Secondo Jared Franz, affinché gli incrementi di produttività generati dall’Intelligenza Artificiale producano benefici concreti per le aziende, devono verificarsi alcune condizioni fondamentali:

  • l’attività migliorata deve avere un impatto rilevante sulla produzione complessiva;
  • i vantaggi devono tradursi in benefici per l’impresa e non solo per il singolo lavoratore;
  • i processi aziendali devono essere in grado di adattarsi ai nuovi strumenti;
  • il management deve essere disposto a riorganizzare il lavoro;
  • la concorrenza non deve annullare immediatamente i vantaggi ottenuti trasferendoli ai clienti.

Se uno di questi elementi viene meno, il miglioramento della produttività potrebbe non tradursi automaticamente in una crescita degli utili o della produzione.

Un impatto diverso da settore a settore

L’analisi di Capital Group suggerisce che gli effetti dell’IA saranno distribuiti in modo disomogeneo nell’economia.

Alcuni comparti, come l’assistenza clienti, l’elaborazione dei sinistri assicurativi e alcuni processi di sviluppo software, potrebbero beneficiare in misura significativa dell’automazione.

Al contrario, attività caratterizzate da elevata complessità decisionale, come i servizi legali, la consulenza strategica e numerose specializzazioni mediche, potrebbero registrare vantaggi più limitati, poiché la capacità di interpretare contesti complessi e prendere decisioni resta una prerogativa umana.

L’Intelligenza Artificiale è ancora lontana dall’intelligenza umana

Nonostante le prestazioni raggiunte in alcuni test, i sistemi di IA continuano a essere molto diversi dall’intelligenza umana.

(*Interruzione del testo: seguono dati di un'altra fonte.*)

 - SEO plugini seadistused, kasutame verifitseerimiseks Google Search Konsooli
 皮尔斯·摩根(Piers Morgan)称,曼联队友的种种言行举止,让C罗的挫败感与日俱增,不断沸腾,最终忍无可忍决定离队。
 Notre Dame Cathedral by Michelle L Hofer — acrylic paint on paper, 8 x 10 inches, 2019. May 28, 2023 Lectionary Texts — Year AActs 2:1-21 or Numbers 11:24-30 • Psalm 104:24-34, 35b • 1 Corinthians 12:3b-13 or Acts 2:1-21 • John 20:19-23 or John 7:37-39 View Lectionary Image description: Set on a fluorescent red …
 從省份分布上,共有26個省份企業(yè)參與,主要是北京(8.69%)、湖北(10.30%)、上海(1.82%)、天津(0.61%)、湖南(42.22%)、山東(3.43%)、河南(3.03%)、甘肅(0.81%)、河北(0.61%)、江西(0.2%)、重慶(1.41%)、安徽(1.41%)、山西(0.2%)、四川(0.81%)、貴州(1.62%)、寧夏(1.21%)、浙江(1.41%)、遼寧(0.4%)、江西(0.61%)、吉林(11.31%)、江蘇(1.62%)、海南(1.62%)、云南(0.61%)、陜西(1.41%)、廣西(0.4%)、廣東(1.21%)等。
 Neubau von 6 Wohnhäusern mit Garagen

Le piattaforme attuali sono particolarmente efficaci nel riconoscere modelli e generare contenuti basati su enormi quantità di dati, ma non possiedono una reale comprensione del mondo.

Esperienza, creatività, intuito, capacità di interpretare il contesto e di comprendere i bisogni delle persone rappresentano ancora vantaggi competitivi difficilmente replicabili dalle macchine.

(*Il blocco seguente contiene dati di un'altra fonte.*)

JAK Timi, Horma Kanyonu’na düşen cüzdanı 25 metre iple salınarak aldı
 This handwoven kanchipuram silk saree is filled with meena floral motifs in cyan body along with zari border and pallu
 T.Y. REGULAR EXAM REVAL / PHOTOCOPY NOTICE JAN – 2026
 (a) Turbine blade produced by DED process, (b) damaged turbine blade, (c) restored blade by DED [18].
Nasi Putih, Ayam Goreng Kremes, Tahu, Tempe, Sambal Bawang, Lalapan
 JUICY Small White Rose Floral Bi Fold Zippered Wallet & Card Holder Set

I licenziamenti non dipendono solo dall’IA

Secondo Capital Group, molte delle recenti riduzioni di personale attribuite all’Intelligenza Artificiale sono in realtà legate a fattori economici più tradizionali.

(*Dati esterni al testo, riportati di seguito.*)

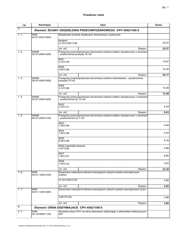 Str. 1 Przedmiar robót Lp 1. 1. 1. Normatyw Opis Suma Element: ŚCIANY ODDZIELENIA PRZECIWPOśAROWEGO CPV 45421100-5 KNR 04-01-0427-0500 Rozebranie ścianek działowych drewnianych oszklonych kredens (3.10+2.60)*3.96 1. 2. 1. 3. KNNR 00-07-0505-0300 KNNR 00-07-0505-0500 22.57 Jm. m2 Razem: Przegrody przeciwpoŜarowe aluminiowe szklone szkłem bezpiecznym z drzwiami - powierzchnia powyŜej 10 m2 SW1 3.16*4.39 13.87 SW9 2.60*3.96 10.30 Jm. m2 Razem: Przegrody przeciwpoŜarowe aluminiowe szklone nieotwierane - powierzchnia powyŜej 10 m2 SW9 3.10*3.96 1. 4. KNNR 00-07-0505-0200 1. 6. 1. 7. KNNR 00-07-0505-0100 KNR 04-01-1204-0100 KNR 04-01-1204-0200 Jm. m2 Razem: Przegrody przeciwpoŜarowe aluminiowe szklone szkłem bezpiecznym z drzwiami - powierzchnia do 10 m2 2. 1. 9.23 SW3 1.58*2.90 4.58 SW4 1.50*2.89 4.34 SW5 2.96*2.96 8.76 SW6 (naświetle łukowe) 1.87*2.60 4.86 SW7 1.85*3.57 6.60 SW8 1.40*2.32 3.25 Jm. m2 Razem: Dwukrotne malowanie farbami emulsyjnymi starych tynków wewnętrznych sufitów 32.39 (3.10+2.60)*0.50 2.85 Jm. m2 Razem: Dwukrotne malowanie farbami emulsyjnymi starych tynków wewnętrznych ścian 2.85 3.96*2*0.50 3.96 Razem: Element: OKNA ODDYMIAJACE CPV 45421100-5 KNR 00-19-0929-1100 12.28 9.23 Jm. m2 Razem: Przegrody przeciwpoŜarowe aluminiowe szklone szkłem bezpiecznym z drzwiami - powierzchnia do 7 m2 Jm. m2 2. 24.17 12.28 SW2 2.79*3.31 1. 5. 22.57 Wymiana okien PCV na okna drewniane oddymiając z siłownikiem elektrycznym 24V System kosztorysowania Strix wer. 4.15 (c) Athenasoft Sp. z o.o. 3.96 Str. 2 Przedmiar robót Lp 2. 2. Normatyw KNR 04-01-1204-0200 Opis okno oddymijace rys. 6 1.53*2.24 3.43 okno oddymijace rys. 7 1.54*2.34 3.60 Jm. m2 Razem: Dwukrotne malowanie farbami emulsyjnymi starych tynków wewnętrznych ścian 7.03 (2.10*2+1.30)*0.50*2 5.50 Jm. m2 3. 3. 1. Suma Razem: Element: OBUDOWA STROPU DREWNIANEGO CPV 4541000-4 KNR 04-01-1202-0900 Zerwanie okładziny stropu z płytek PCV (imitacji kasetonów) pom. socjalne na poddaszu 5.92*3.97+3.23*1.94 3. 2. KNR 02-02-2006-0400 29.77 Jm. m2 Razem: Okładziny z płyt gipsowo-kartonowych DF 12,5 mm pojedyńcze na stropach obmiar jw. 29.77 3. 3. KNR 02-02-2006-0800 KNR 02-02-1505-0501 Jm. m2 Razem: Okładziny z płyt gipsowo-kartonowych DF 12,5 mm - dodatek za drugą warstwę 4. 1. 4. 2. 4. 3. 4. 4. 29.77 29.77 Jm. m2 Razem: Dwukrotne malowanie farbami emulsyjnymi powierzchni wewnętrznych - płyt gipsowych spoinowanych uprzednio szpachlowanych z gruntowaniem 29.77 29.77 29.77 Jm. m2 4. 29.77 29.77 obmiar jw. 29.77 3. 4. 5.50 Razem: 29.77 Element: DRZWI PRZECIWPOśAROWE CPV 45421000-4 KNR 04-01-0354-0700 KNR 04-01-0354-0400 KNR 04-01-0347-0900 KNR 02-02-1204-0300 Wykucie z muru drzwi stalowych o powierzchni do 2 m2 strych 0.84*1.91 1.60 0.90*2.00 +0.70*2.13 3.29 Jm. szt. Wykucie z muru drzwi drewnianych o powierzchni do 2 m2 Razem: 4.89 strych 0.85*2.07 1.76 kotłownia - pom. palaczy 1.0*2.0 2.00 Jm. szt. Skucie nierówności 4 cm na ścianach z cegieł na zaprawie cementowo-wapiennej Razem: 3.76 2.0*0.40*2*6 9.60 Jm. m2 Razem: Drzwi stalowe przeciwpoŜarowe o powierzchni do 2 m2 (w świetle ościeŜy) 9.60 System kosztorysowania Strix wer. 4.15 (c) Athenasoft Sp. z o.o. Str. 3 Przedmiar robót Lp 4. 5. 4. 6. Normatyw KNR 04-01-0708-0100 KNR 04-01-1204-0200 Opis strych 1.00*2.0 2.00 1.00*2.0 +0.90*2.0 3.80 1.00*2.0 2.00 piwnica 1.0*2.0 2.00 kotłownia - pom. palaczy 1.0*2.0 2.00 Jm. m2 Uzupełnienie tynków zwykłych wewnętrznych kat. III z zaprawy cementowo-wapiennej na ościeŜach szerokości do 15 cm 5. 1. 5. 2. 5. 3. 5. 4. Razem: 60.00 Jm. m Razem: Dwukrotne malowanie farbami emulsyjnymi starych tynków wewnętrznych ścian 60.00 29.20*0.15*2.5 10.95 Razem: 10.95 Element: OBUDOWA KLATKI SCHODOWEJ CPV 45421100-5 KNNR 00-07-0208-0600 KNNR 00-07-0902-0100 KNNR 00-07-0902-0100 KNNR 00-07-0505-0100 Wykonanie na budowie i montaŜ konstrukcji spawanych - konstrukcja obudowy z oczyszczoniem i pomalowaniem farbą gruntującą epoksydową, grubość suchej powłoki 60 µm, oraz zamocowanie do podłoŜa dyblami rozporowymi M12 Słupy S1, S2, S3 (4.93+5.18*2)*0.01532 0.23 rygle R1, R2, R3 (4.00+1.77+1.42)*0.01532 0.11 stopy [(0.10*0.15+0.15*0.15*2)*0.766] 0.005 0.01 Jm. t Razem: Malowanie zmontowanej konstrukcji stalowej farba pęczniejąca FLAME STAL do odporności ogniowej R30 0.35 0.35 0.35 Jm. t Malowanie zmontowanej konstrukcji stalowej farbą poliuretanową, nawierzchniową - grubość powłoki na sucho 60 µm Razem: KNNR 00-07-0505-0400 0.35 0.35 0.35 Jm. t Razem: Przegrody przeciwpoŜarowe aluminiowe szklone szkłem bezpiecznym z drzwiami - powierzchnia do 7 m2 0.35 drzwi EI30, ścianki EI60 1.77*3.20 5. 5. 11.80 (1.00+2.0*2)*2*6 Jm. m2 5. Suma Jm. m2 Przegrody przeciwpoŜarowe aluminiowe nieotwierane szklone szkłem bezpiecznym, EI60 - powierzchnia do 7 m2 5.66 Razem: (1.65+1.25)*1.88+4.10*0.90+(4.10*2.26)/2 13.77 1.32*(3.20+1.88) Jm. m2 System kosztorysowania Strix wer. 4.15 (c) Athenasoft Sp. z o.o. 5.66 6.71 Razem: 20.49 Str. 4 Przedmiar robót Lp 5. 6. 5. 7. Normatyw KNNR 00-07-0505-0400 KNR 00-39-0117-0202 Opis Suma Przegrody przeciwpoŜarowe aluminiowe nieotwierane z wypełnieniem płycinami, EI60 - powierzchnia do 7 m2 (4.10*2.26)/2 4.63 Jm. m2 Razem: Analogia. Uszczelnienie styków pomiędzy obudową windy a podciągiem i słupów ze ścianami poiluretanową masą ogniochronną do uszczelniania przejść instalacyjnych i szczelin 4.63 (1.20+1.80)*0.05 0.15 5.20*0.005*2 0.05 Jm. m2 System kosztorysowania Strix wer. 4.15 (c) Athenasoft Sp. z o.o. Razem: 0.20

Durante la pandemia numerose aziende dei settori tecnologico, finanziario ed e-commerce hanno aumentato rapidamente gli organici per rispondere all’impennata della domanda. Il successivo rallentamento dell’economia ha reso necessarie riorganizzazioni che sarebbero probabilmente avvenute anche senza l’arrivo dell’IA.

In questo contesto, l’Intelligenza Artificiale viene talvolta utilizzata come spiegazione dei tagli occupazionali, mentre le cause reali risiedono spesso nella riduzione della crescita e nella pressione sui margini aziendali.

Il valore dell’esperienza umana resta centrale

Anche nei contesti più innovativi, l’automazione non elimina il bisogno di competenze specialistiche.

Secondo Jared Franz, molte aziende continueranno a rivolgersi a consulenti, professionisti ed esperti esterni, proprio come i consumatori continuano a preferire l’intervento di un professionista qualificato per attività particolarmente delicate.

L’Intelligenza Artificiale consentirà di lavorare più velocemente, migliorando produttività ed efficienza, ma il controllo, la responsabilità e la capacità di prendere decisioni strategiche resteranno saldamente nelle mani delle persone.

Una trasformazione destinata a creare nuove opportunità

Per Capital Group, il futuro del lavoro non sarà caratterizzato da una sostituzione massiva dei lavoratori, bensì da una trasformazione profonda delle competenze richieste.

L’Intelligenza Artificiale diventerà uno strumento sempre più integrato nelle attività quotidiane, aumentando la capacità delle persone di produrre valore e accelerando la nascita di nuovi modelli di business.

In questo scenario, le organizzazioni che sapranno combinare innovazione tecnologica, competenze umane e capacità di adattamento avranno maggiori possibilità di beneficiare delle opportunità offerte dalla nuova economia digitale.